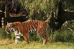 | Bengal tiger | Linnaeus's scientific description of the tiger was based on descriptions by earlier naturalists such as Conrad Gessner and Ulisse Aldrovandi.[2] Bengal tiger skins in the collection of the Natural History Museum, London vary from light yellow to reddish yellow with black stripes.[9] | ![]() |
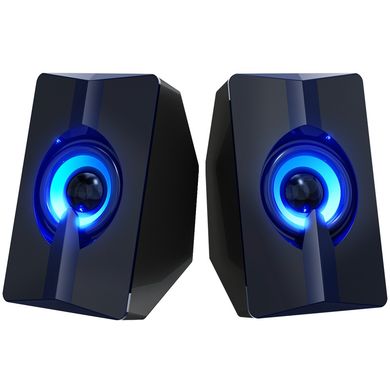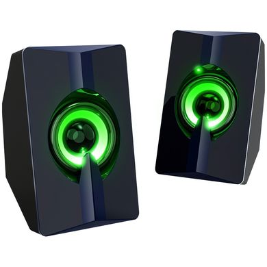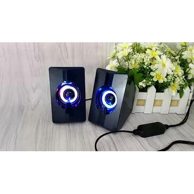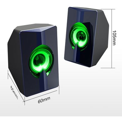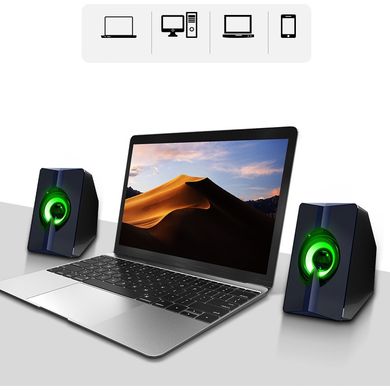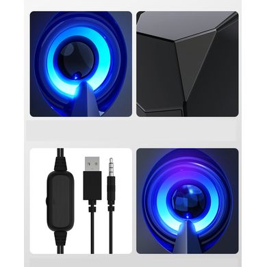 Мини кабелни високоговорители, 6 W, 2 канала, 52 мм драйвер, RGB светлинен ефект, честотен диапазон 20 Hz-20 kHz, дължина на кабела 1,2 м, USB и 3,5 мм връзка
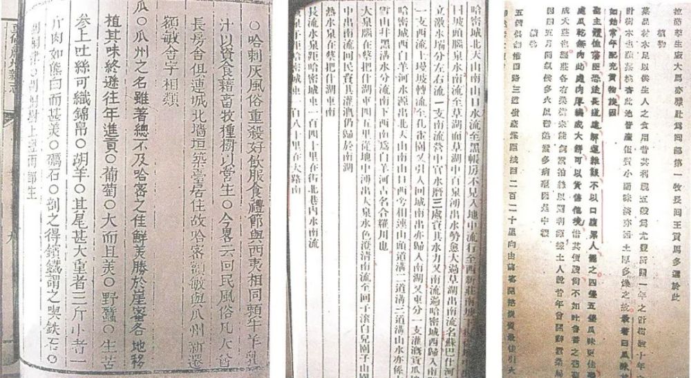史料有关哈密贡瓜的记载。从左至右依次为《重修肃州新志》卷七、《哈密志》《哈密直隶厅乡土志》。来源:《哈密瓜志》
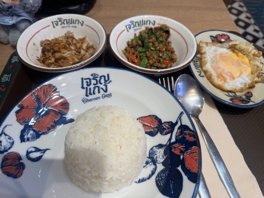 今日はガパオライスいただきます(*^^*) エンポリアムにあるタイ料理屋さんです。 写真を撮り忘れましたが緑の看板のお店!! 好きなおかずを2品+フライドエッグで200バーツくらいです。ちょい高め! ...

+---+

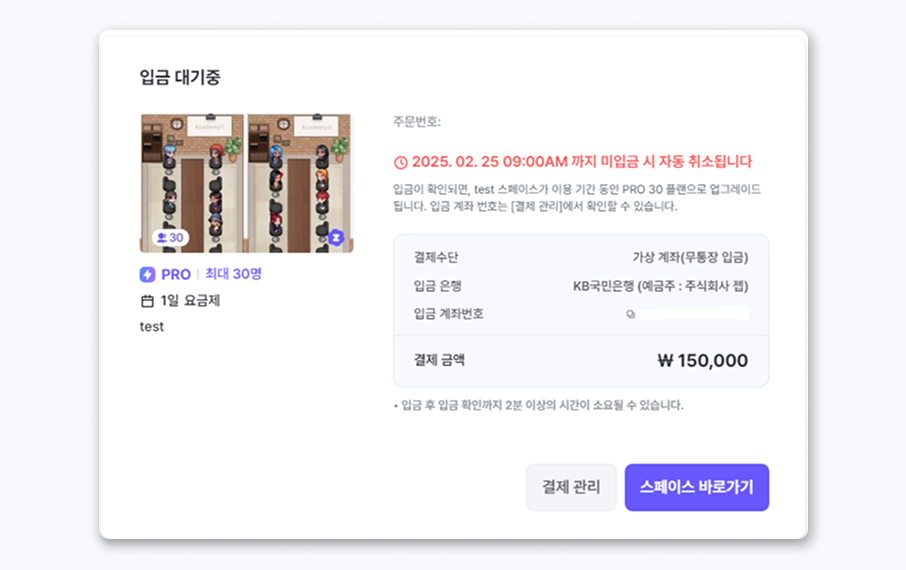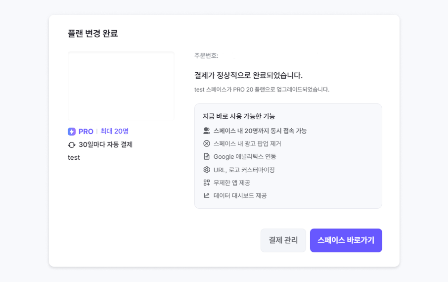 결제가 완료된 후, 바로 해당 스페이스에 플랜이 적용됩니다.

+---+

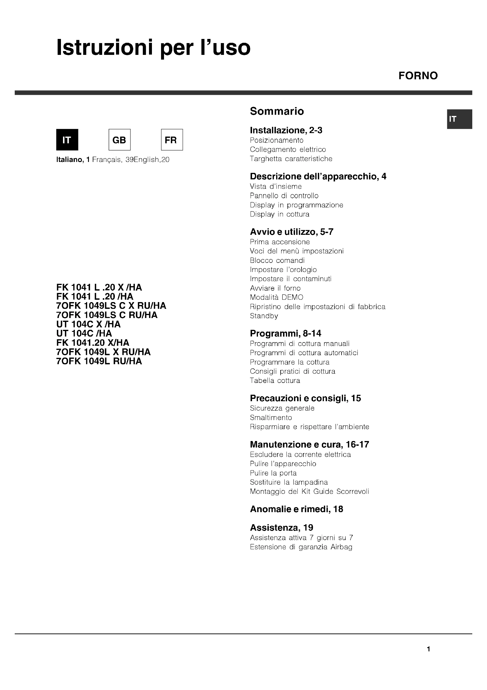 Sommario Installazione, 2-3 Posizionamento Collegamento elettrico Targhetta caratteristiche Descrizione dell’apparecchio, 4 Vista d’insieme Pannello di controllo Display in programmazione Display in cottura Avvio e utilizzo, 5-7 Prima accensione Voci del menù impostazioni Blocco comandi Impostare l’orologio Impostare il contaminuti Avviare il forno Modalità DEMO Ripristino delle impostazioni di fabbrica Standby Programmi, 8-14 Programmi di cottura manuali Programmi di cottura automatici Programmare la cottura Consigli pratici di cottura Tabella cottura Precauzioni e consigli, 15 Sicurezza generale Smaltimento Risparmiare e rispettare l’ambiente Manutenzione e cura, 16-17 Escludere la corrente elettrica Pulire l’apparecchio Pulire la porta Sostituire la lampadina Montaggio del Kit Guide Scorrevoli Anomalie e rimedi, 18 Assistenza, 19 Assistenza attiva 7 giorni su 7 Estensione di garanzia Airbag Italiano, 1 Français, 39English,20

+---+

(TO DO) All that is wanted is the lines above between the one containing "stripes.[9] | ![]() |" and the one containing "今日はガパオライスいただきます(*^^*) エンポリアムにあるタイ料理屋さんです。 写真を撮り忘れましたが緑の看板のお店!!", inclusive, restated word for word, with pictures omitted.

(ANSWER AREA)
 | Bengal tiger | Linnaeus's scientific description of the tiger was based on descriptions by earlier naturalists such as Conrad Gessner and Ulisse Aldrovandi.[2] Bengal tiger skins in the collection of the Natural History Museum, London vary from light yellow to reddish yellow with black stripes.[9] | ![]() |
 Мини кабелни високоговорители, 6 W, 2 канала, 52 мм драйвер, RGB светлинен ефект, честотен диапазон 20 Hz-20 kHz, дължина на кабела 1,2 м, USB и 3,5 мм връзка
史料有关哈密贡瓜的记载。从左至右依次为《重修肃州新志》卷七、《哈密志》《哈密直隶厅乡土志》。来源:《哈密瓜志》
 今日はガパオライスいただきます(*^^*) エンポリアムにあるタイ料理屋さんです。 写真を撮り忘れましたが緑の看板のお店!! 好きなおかずを2品+フライドエッグで200バーツくらいです。ちょい高め! ...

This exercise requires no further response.